Both cohort analysis and the more recently introduced period analysis are now well-established prototypes of population-based monitoring of cancer patient survival. Cohort analysis provides survival information on real cohorts of patients diagnosed within certain calendar years. Period analysis provides more up-to-date survival estimates, but these estimates pertain to patients diagnosed in a wider range of years of diagnosis and can less readily be linked to the patterns of early diagnosis and medical care during a defined time span (Brenner ). Hence, the choice between both methods would typically depend on the primary goal of the analysis.
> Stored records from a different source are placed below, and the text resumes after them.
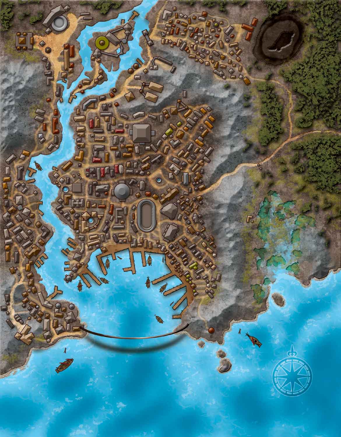 Riddleport sits in a well-sheltered cove on the northern coast of Varisia. You arrive on a chilly, fog-shrouded morning. The famed arch that spans the whole harbor -- the relic of some ancient civilization-- looms through the hazy weather. You are just able to make out the strange symbols that draw scholars and ciphers to this otherwise seedy den of pirates and smugglers.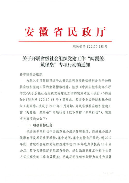 关于开展省级社会组织党建工作“两覆盖、筑堡垒”专项行动的通知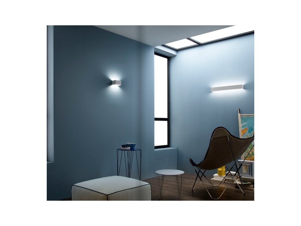 Interiérové nástenné svietidlo, ktoré je vybavené SMD LED diódami, s priamym / nepriamym rozptylom svetla. Konštrukcia z tlakovo liateho hliníka s elektrostatickým maľovaním v matnej bielej.

This paper illustrates in a quantitative manner that the completeness of cancer registry data during various years may be an additional criterion for the choice of either method. For example, during the build-up phase of a new cancer registry, when completeness tends to increase over time, one might prefer calculation of period estimates over calculation of cohort estimates as the former may be less prone to bias by selective under-registration during the early years of registration. On the other hand, period estimates may be more prone to bias than cohort estimates if the completeness of the most recent available data is questionable due to delayed recording of some proportion of cases. In practice, however, the latter concern is typically relevant for a maximum of one or two of the most recent years for which data would be available, and one might still use a period analysis after excluding those years, either entirely or partly by means of a ‘hybrid’ type of analysis (Brenner and Rachet, 2004c). As period analysis has been shown to advance detection of trends in 5-, 10-, 15-, and 20-year survival rates by almost 5, 10, 15, and 20 years, respectively (Brenner and Hakulinen, 2002a), the slight loss of up-to-dateness that would follow from such a decision would still be almost negligible compared to the gain in up-to-dateness by the use of period analysis rather than cohort analysis. Furthermore, the magnitude of potential bias would have to be weighed against the often more substantial underestimation of current survival by cohort estimates (Brenner and Hakulinen 2002a, 2002b; Brenner ; Talbäck ).

Which, if any, of the potential sources of bias may be relevant in a given study strongly depends on the specific circumstances under which a cancer registry is operating. Therefore, when choosing an analytic strategy, the specific circumstances of registration of the registries involved should be taken into account along with other aspects, such as up-to-dateness of cancer survival data.

When looking at our data, the following limitations should be considered. Results were presented for 5-year relative survival rates only, as these are the survival rates most commonly reported by population-based cancer registries. We also carried out analogous analyses for 5-year absolute survival rates. However, patterns were generally very similar, and they were therefore not shown separately to save space. Finally, we focused on very specific, relatively extreme patterns of entirely selective underascertainment of cases to illustrate the general principles. In practice, the impact of underascertainment of patients with relatively poor prognosis and of patients with relatively good prognosis would usually partly (and sometimes fully) cancel out, leading to smaller biases than those shown in our analysis.

Despite these limitations, our analysis illustrates the potential impact of incompleteness of cancer registration on various types of population-based monitoring of survival. The identified patterns could be valuable for decisions regarding the best analytic strategy in specific situations. The analyses also underline once more the crucial requirement of high levels of completeness for the use of population-based cancer registration.